**Dataset records:**
________________________________________

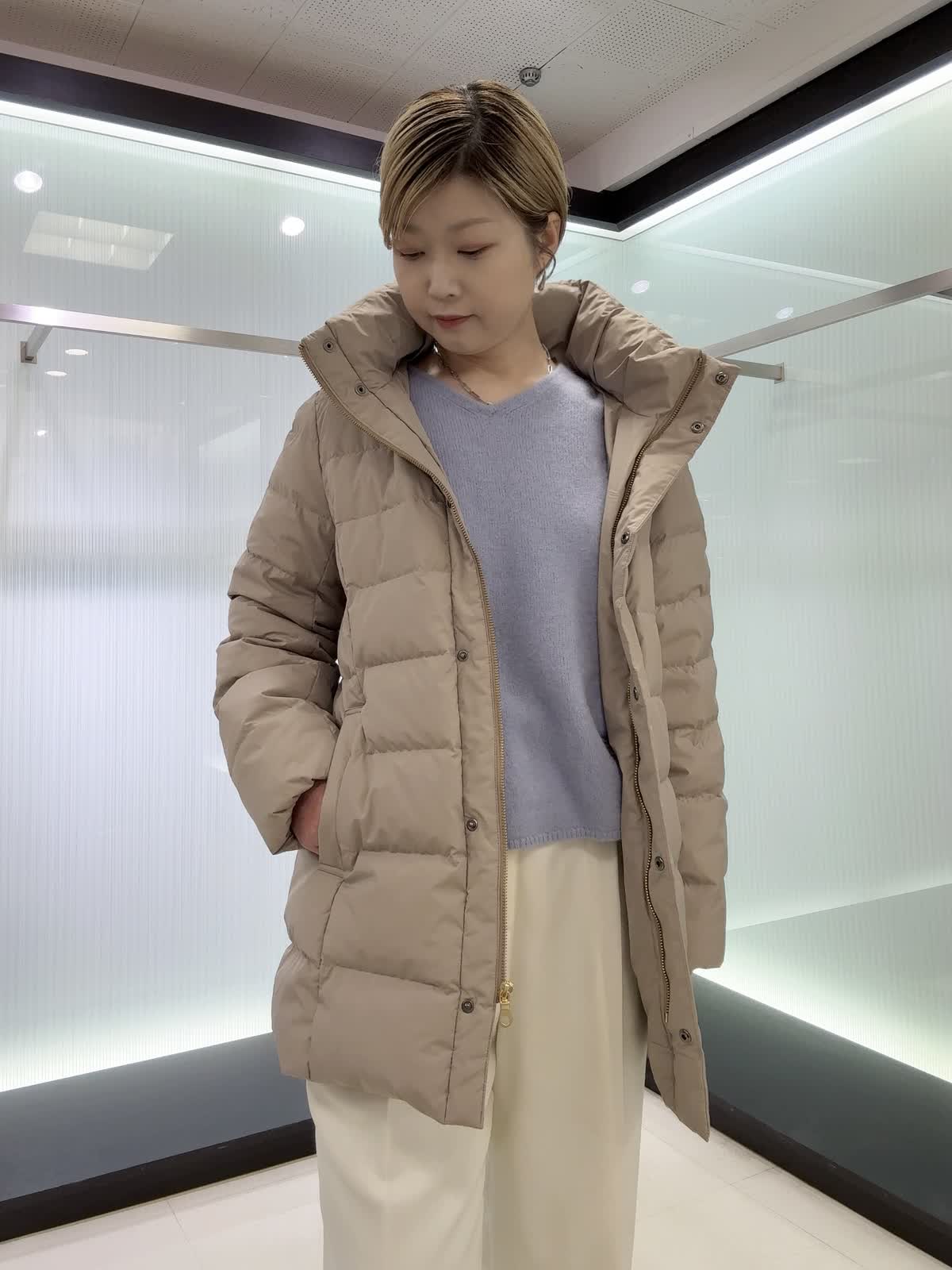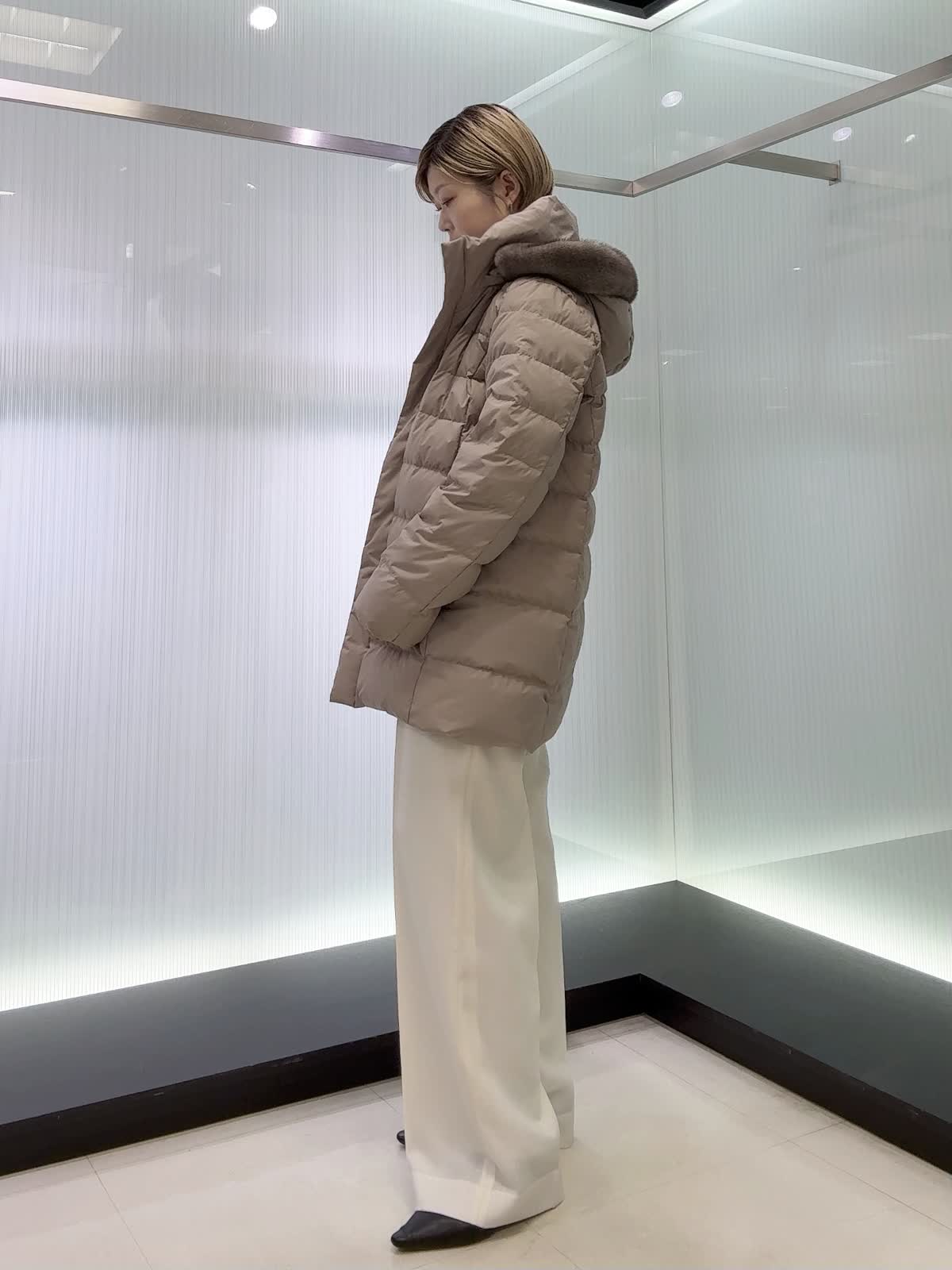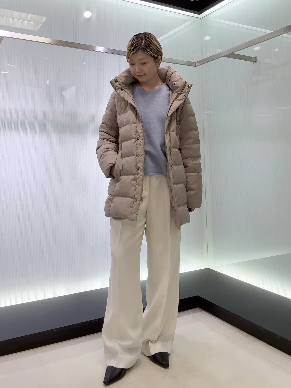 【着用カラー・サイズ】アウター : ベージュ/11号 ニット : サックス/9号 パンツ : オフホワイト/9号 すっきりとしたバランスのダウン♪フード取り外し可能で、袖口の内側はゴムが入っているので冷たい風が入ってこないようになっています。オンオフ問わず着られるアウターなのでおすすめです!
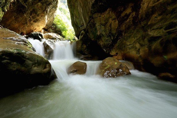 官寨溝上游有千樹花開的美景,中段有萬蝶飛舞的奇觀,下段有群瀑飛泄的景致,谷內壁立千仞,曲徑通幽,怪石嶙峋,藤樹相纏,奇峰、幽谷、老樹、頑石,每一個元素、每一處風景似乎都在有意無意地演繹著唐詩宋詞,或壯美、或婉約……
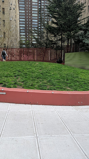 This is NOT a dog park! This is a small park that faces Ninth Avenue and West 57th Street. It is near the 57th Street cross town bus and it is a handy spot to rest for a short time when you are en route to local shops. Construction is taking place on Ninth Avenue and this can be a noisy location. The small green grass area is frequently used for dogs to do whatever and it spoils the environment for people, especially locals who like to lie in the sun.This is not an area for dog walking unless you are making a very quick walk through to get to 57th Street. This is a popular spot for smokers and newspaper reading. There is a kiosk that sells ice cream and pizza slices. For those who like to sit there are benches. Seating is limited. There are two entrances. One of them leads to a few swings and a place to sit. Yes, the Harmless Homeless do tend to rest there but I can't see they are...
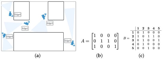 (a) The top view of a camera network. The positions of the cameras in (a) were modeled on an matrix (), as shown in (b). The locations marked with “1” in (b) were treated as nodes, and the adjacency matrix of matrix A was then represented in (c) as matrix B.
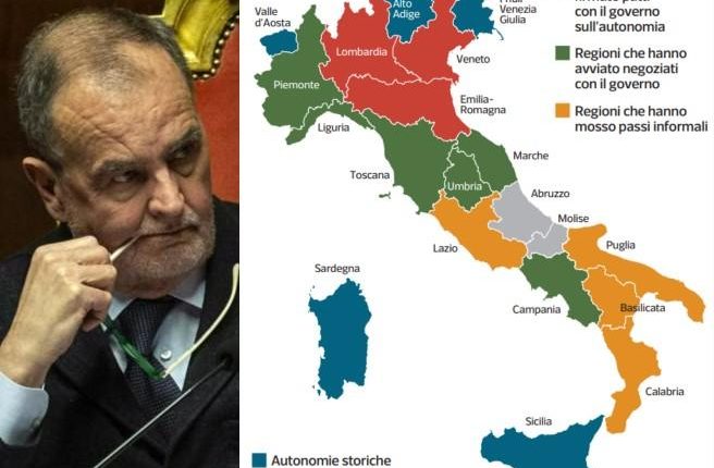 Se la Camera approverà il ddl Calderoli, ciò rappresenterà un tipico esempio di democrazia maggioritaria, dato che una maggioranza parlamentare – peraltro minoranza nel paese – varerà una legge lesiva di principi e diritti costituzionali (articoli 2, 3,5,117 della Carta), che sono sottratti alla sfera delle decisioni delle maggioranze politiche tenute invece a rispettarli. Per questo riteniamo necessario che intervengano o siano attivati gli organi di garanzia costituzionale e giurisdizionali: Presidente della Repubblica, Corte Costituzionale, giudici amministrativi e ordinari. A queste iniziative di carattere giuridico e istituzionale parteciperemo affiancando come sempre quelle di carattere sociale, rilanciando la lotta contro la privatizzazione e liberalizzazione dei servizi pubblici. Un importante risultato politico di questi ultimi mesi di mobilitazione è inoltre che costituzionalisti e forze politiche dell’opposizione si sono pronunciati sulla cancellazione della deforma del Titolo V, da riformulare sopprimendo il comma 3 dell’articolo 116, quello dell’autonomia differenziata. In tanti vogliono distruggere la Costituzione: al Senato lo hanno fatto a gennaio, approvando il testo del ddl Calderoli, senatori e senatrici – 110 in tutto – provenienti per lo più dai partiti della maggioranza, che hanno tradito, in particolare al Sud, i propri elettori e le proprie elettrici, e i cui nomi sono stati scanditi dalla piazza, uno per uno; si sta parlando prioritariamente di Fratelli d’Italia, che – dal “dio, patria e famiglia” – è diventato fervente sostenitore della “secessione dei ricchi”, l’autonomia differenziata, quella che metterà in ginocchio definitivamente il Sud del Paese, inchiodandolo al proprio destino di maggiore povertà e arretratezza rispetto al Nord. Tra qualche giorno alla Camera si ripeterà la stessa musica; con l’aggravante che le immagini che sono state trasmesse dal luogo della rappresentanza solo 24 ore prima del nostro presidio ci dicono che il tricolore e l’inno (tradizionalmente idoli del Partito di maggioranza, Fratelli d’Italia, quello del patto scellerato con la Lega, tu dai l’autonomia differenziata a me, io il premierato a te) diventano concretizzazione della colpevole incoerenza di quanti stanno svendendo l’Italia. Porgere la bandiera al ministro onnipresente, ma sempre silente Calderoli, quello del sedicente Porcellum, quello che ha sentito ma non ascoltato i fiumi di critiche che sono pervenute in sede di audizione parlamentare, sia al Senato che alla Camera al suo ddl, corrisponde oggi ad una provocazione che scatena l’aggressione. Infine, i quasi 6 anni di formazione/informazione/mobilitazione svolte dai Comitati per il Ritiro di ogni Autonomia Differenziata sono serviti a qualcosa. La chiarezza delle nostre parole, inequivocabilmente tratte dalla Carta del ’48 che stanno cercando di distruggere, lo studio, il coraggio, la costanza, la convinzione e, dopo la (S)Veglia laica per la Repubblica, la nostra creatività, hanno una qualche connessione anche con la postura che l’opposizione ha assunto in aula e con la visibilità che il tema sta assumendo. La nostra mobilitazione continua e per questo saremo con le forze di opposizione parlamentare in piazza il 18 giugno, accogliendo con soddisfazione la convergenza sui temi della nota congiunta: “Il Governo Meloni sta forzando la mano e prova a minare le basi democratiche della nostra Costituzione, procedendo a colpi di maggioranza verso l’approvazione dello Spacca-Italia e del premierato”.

________________________________________

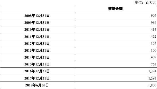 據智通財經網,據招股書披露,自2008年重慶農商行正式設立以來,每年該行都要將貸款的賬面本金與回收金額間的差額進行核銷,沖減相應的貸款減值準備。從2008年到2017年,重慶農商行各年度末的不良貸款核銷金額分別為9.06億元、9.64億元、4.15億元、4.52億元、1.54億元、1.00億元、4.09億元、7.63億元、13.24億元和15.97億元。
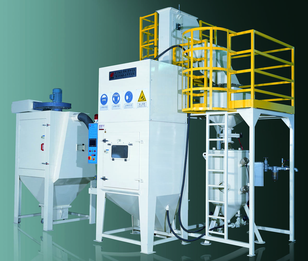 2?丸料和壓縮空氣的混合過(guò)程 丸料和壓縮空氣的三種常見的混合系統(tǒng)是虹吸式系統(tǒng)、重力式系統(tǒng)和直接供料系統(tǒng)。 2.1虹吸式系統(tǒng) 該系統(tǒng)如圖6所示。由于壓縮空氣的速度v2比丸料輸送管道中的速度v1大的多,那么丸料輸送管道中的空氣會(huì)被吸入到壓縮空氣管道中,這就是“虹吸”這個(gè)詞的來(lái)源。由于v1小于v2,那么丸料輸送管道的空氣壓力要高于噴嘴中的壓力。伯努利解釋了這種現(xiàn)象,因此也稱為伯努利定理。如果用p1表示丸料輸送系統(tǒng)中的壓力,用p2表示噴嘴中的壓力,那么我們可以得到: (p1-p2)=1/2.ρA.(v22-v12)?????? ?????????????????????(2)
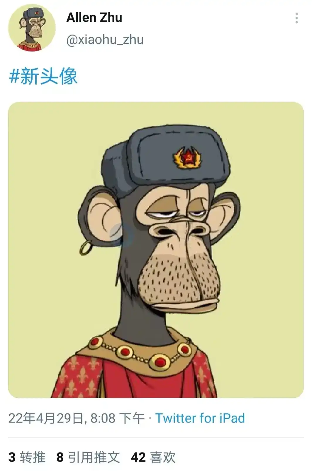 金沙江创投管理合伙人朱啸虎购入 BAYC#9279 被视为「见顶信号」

________________________________________

**Try it:**
From the data above, return only the lines starting at the line that holds "ニット : サックス/9号" and ending at the line that holds "官寨溝上游有千樹花開的美景,中段有萬蝶飛", word for word and without pictures.

**Solved exercise:**
 【着用カラー・サイズ】アウター : ベージュ/11号 ニット : サックス/9号 パンツ : オフホワイト/9号 すっきりとしたバランスのダウン♪フード取り外し可能で、袖口の内側はゴムが入っているので冷たい風が入ってこないようになっています。オンオフ問わず着られるアウターなのでおすすめです!
 官寨溝上游有千樹花開的美景,中段有萬蝶飛舞的奇觀,下段有群瀑飛泄的景致,谷內壁立千仞,曲徑通幽,怪石嶙峋,藤樹相纏,奇峰、幽谷、老樹、頑石,每一個元素、每一處風景似乎都在有意無意地演繹著唐詩宋詞,或壯美、或婉約……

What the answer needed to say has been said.